• _What the exercise asks_: Please transcribe the data exactly as shown, skipping the images.

----

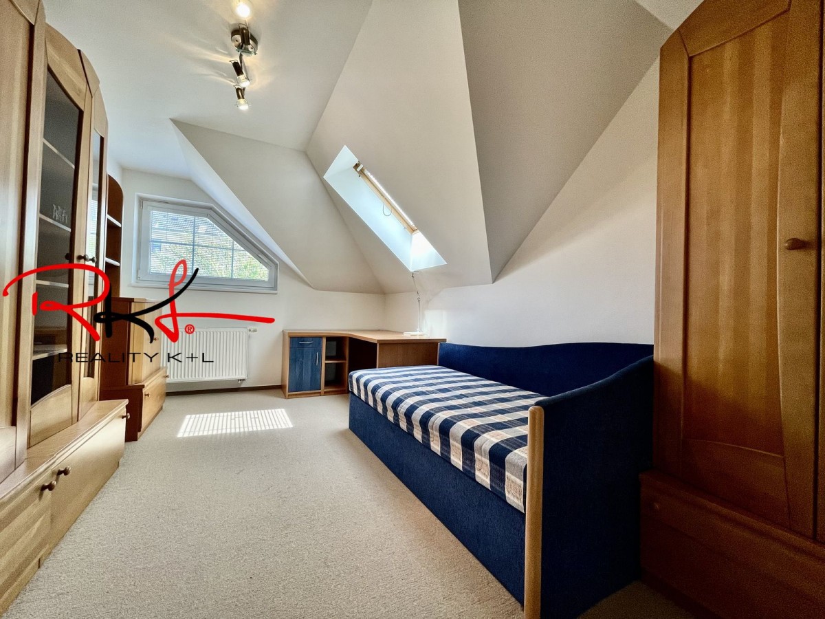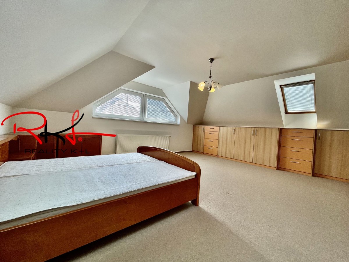 Patro: po schodech se dostanete do patra, který tvoří 4 samostatné ložnice a koupelnu s vanou, sociální zařízení WC, šatna. Vytápění domu a ohřev vody je řešeno plynovým kotlem + je možnost topit krbovými kamny v zimních měsících. Garážové stání. Zabezpečení domu alarmem. Nemovitost disponuje závlahovým systémem.
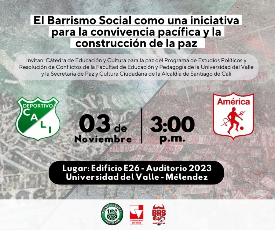 #Prográmate el jueves 3 de noviembre a las 3:00 p.m. con el conversatorio "El barrismo social como una iniciativa para la convivencia pacífica y la construcción de la paz". Esta actividad se realizará en el edificio E6 - aula 1021 en el campus Meléndez de la Universidad del Valle
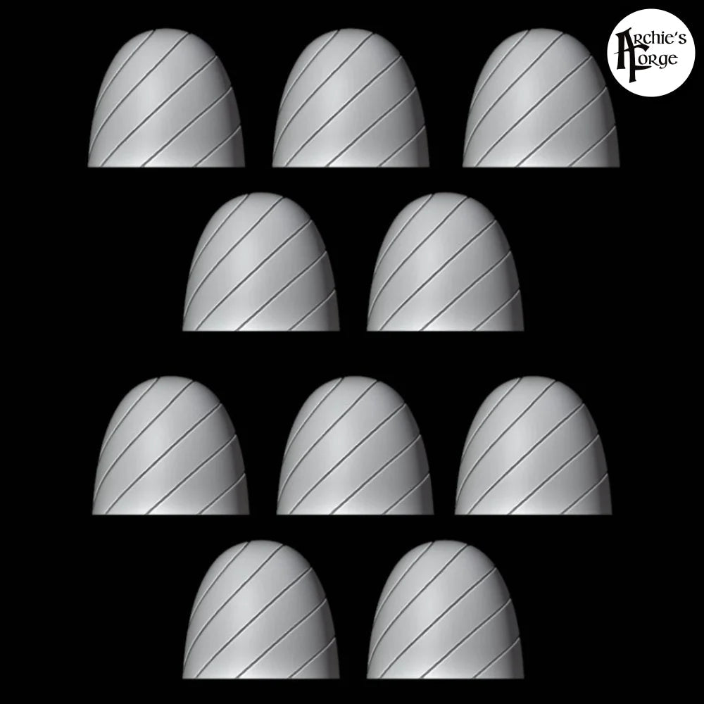 These shoulder pads with hazard stripes are ideal for use with an Iron Warriors army. Scaled to fit standard Legionary, Firstborn and Primaris models these pads are easy to paint clear stripes on.
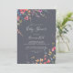 Este clássico convite azul para chás de fraldas florais selvagens é perfeito para um chá de fraldas rústico. A design apresenta flores silvestres brancas, amarelas, roxas e brancas com folhagem em fundo de rosa e aquarela verde.
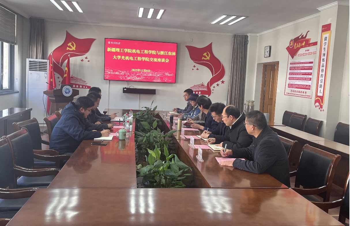 新疆理工学院机电工程学院一行莅临我院调研交流 12月9日,新疆理工学院机电工程学院院长庄可佳、副院长刘向东、教师陈棒棒等一行3人来我院调研指导,学院院长周国泉、副院长胡灿、学术副院长胡栋等参加座谈交流。周国泉代表学院对庄可佳一行的到来表示热烈欢迎,并详细介绍了学院的基本情况、办学条件、师资队伍、人才培养以及科学研究等方面的情况。庄可佳院长对新疆理工学院机电工程学院在专业建设、师资队伍、教学科研等方面取得的成果和面临的挑战进行介绍,并希望借此机...
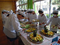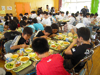 バイキング給食当日。豪華なごちそうが目の前に並び、みんな少々興奮気味。すべてのおかずをお皿に盛りたいところを我慢して、昨日の献立を確認しながらバランスよくいただくことができました。心を込めて用意していただいた料理を、飾り用のレタスまで残らず食べることができました。結果、一食分のカロリーを超えてしまった子もいたようですが、みんなでおいしく楽しくいただくことができました。

----

• _Output below_:
 Patro: po schodech se dostanete do patra, který tvoří 4 samostatné ložnice a koupelnu s vanou, sociální zařízení WC, šatna. Vytápění domu a ohřev vody je řešeno plynovým kotlem + je možnost topit krbovými kamny v zimních měsících. Garážové stání. Zabezpečení domu alarmem. Nemovitost disponuje závlahovým systémem.
 #Prográmate el jueves 3 de noviembre a las 3:00 p.m. con el conversatorio "El barrismo social como una iniciativa para la convivencia pacífica y la construcción de la paz". Esta actividad se realizará en el edificio E6 - aula 1021 en el campus Meléndez de la Universidad del Valle
 These shoulder pads with hazard stripes are ideal for use with an Iron Warriors army. Scaled to fit standard Legionary, Firstborn and Primaris models these pads are easy to paint clear stripes on.
 Este clássico convite azul para chás de fraldas florais selvagens é perfeito para um chá de fraldas rústico. A design apresenta flores silvestres brancas, amarelas, roxas e brancas com folhagem em fundo de rosa e aquarela verde.
 新疆理工学院机电工程学院一行莅临我院调研交流 12月9日,新疆理工学院机电工程学院院长庄可佳、副院长刘向东、教师陈棒棒等一行3人来我院调研指导,学院院长周国泉、副院长胡灿、学术副院长胡栋等参加座谈交流。周国泉代表学院对庄可佳一行的到来表示热烈欢迎,并详细介绍了学院的基本情况、办学条件、师资队伍、人才培养以及科学研究等方面的情况。庄可佳院长对新疆理工学院机电工程学院在专业建设、师资队伍、教学科研等方面取得的成果和面临的挑战进行介绍,并希望借此机...
 バイキング給食当日。豪華なごちそうが目の前に並び、みんな少々興奮気味。すべてのおかずをお皿に盛りたいところを我慢して、昨日の献立を確認しながらバランスよくいただくことができました。心を込めて用意していただいた料理を、飾り用のレタスまで残らず食べることができました。結果、一食分のカロリーを超えてしまった子もいたようですが、みんなでおいしく楽しくいただくことができました。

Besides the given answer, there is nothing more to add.